* [What the task requires]: Give back the lines below verbatim, omitting all pictures.

* [Dataset excerpt]:
|---|
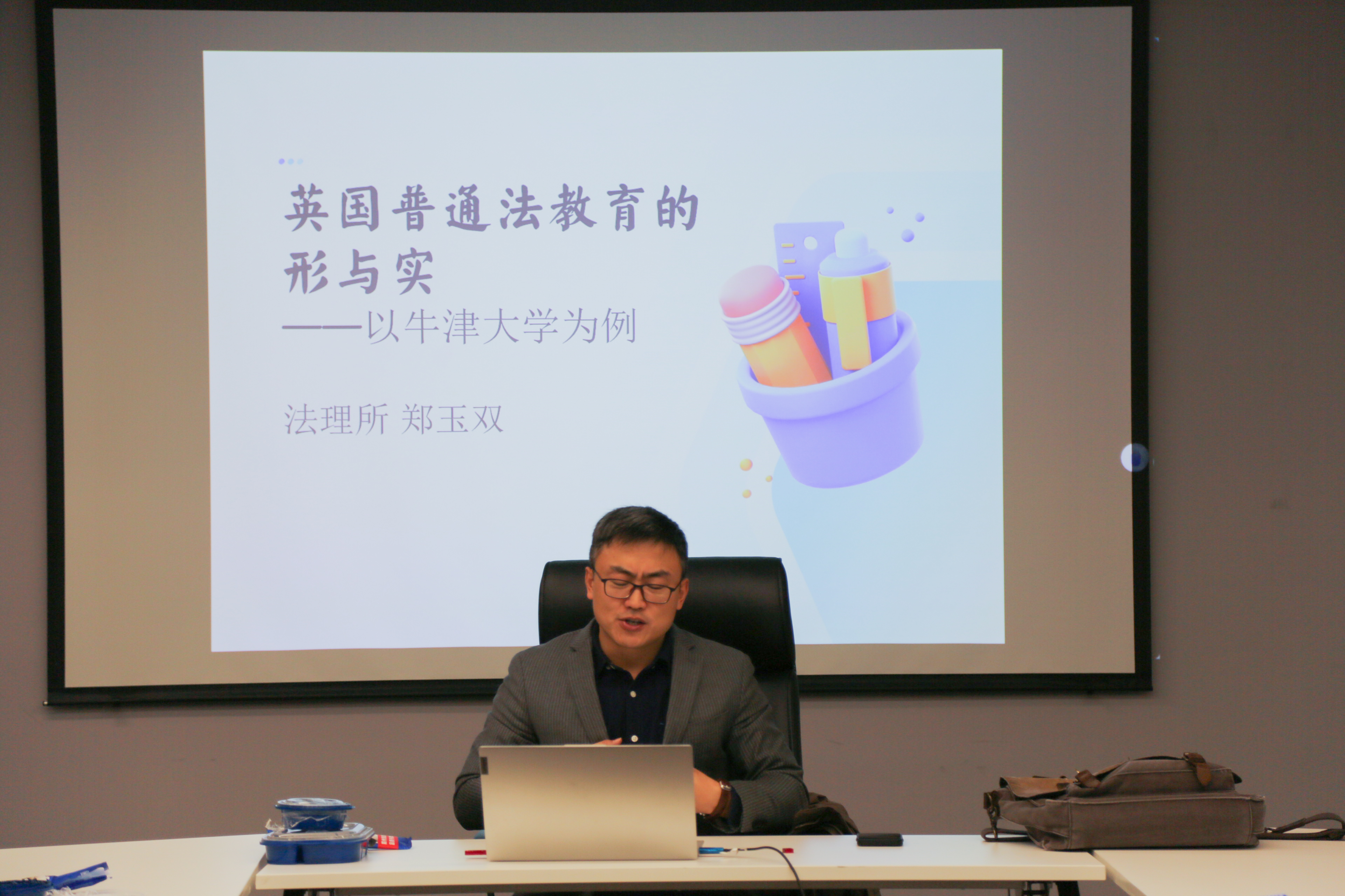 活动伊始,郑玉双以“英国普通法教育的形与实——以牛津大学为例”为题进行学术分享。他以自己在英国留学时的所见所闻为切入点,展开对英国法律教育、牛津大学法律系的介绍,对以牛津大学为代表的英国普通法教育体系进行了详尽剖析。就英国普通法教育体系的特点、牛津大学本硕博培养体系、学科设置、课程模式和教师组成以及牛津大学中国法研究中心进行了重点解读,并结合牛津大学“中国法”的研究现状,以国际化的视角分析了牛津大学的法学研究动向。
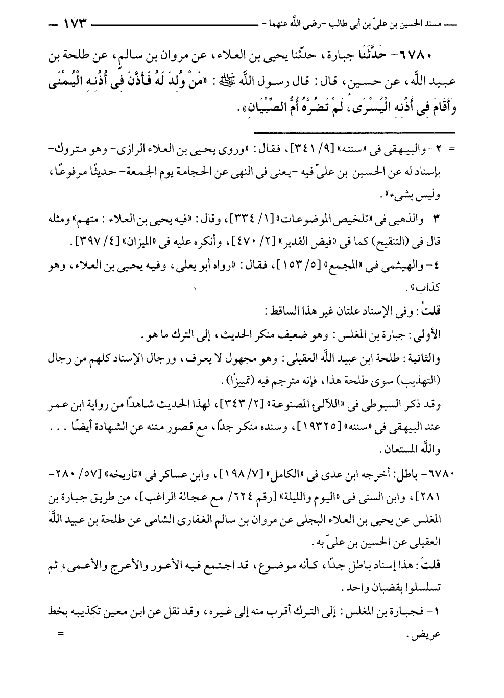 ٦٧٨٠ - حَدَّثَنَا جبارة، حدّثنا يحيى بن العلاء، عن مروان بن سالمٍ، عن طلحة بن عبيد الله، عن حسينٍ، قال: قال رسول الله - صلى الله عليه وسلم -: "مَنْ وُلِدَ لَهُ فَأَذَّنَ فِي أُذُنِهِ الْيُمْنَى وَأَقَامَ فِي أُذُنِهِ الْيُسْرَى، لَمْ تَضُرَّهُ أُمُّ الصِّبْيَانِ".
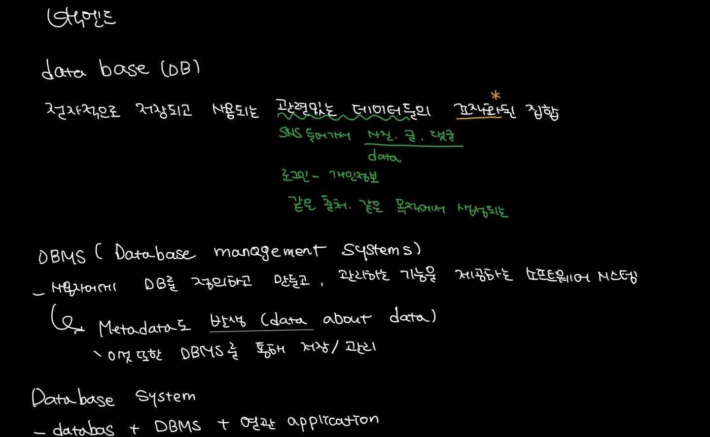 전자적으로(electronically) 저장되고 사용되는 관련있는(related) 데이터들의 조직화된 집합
|---|
* [Finished task]:
 活动伊始,郑玉双以“英国普通法教育的形与实——以牛津大学为例”为题进行学术分享。他以自己在英国留学时的所见所闻为切入点,展开对英国法律教育、牛津大学法律系的介绍,对以牛津大学为代表的英国普通法教育体系进行了详尽剖析。就英国普通法教育体系的特点、牛津大学本硕博培养体系、学科设置、课程模式和教师组成以及牛津大学中国法研究中心进行了重点解读,并结合牛津大学“中国法”的研究现状,以国际化的视角分析了牛津大学的法学研究动向。
 ٦٧٨٠ - حَدَّثَنَا جبارة، حدّثنا يحيى بن العلاء، عن مروان بن سالمٍ، عن طلحة بن عبيد الله، عن حسينٍ، قال: قال رسول الله - صلى الله عليه وسلم -: "مَنْ وُلِدَ لَهُ فَأَذَّنَ فِي أُذُنِهِ الْيُمْنَى وَأَقَامَ فِي أُذُنِهِ الْيُسْرَى، لَمْ تَضُرَّهُ أُمُّ الصِّبْيَانِ".
 전자적으로(electronically) 저장되고 사용되는 관련있는(related) 데이터들의 조직화된 집합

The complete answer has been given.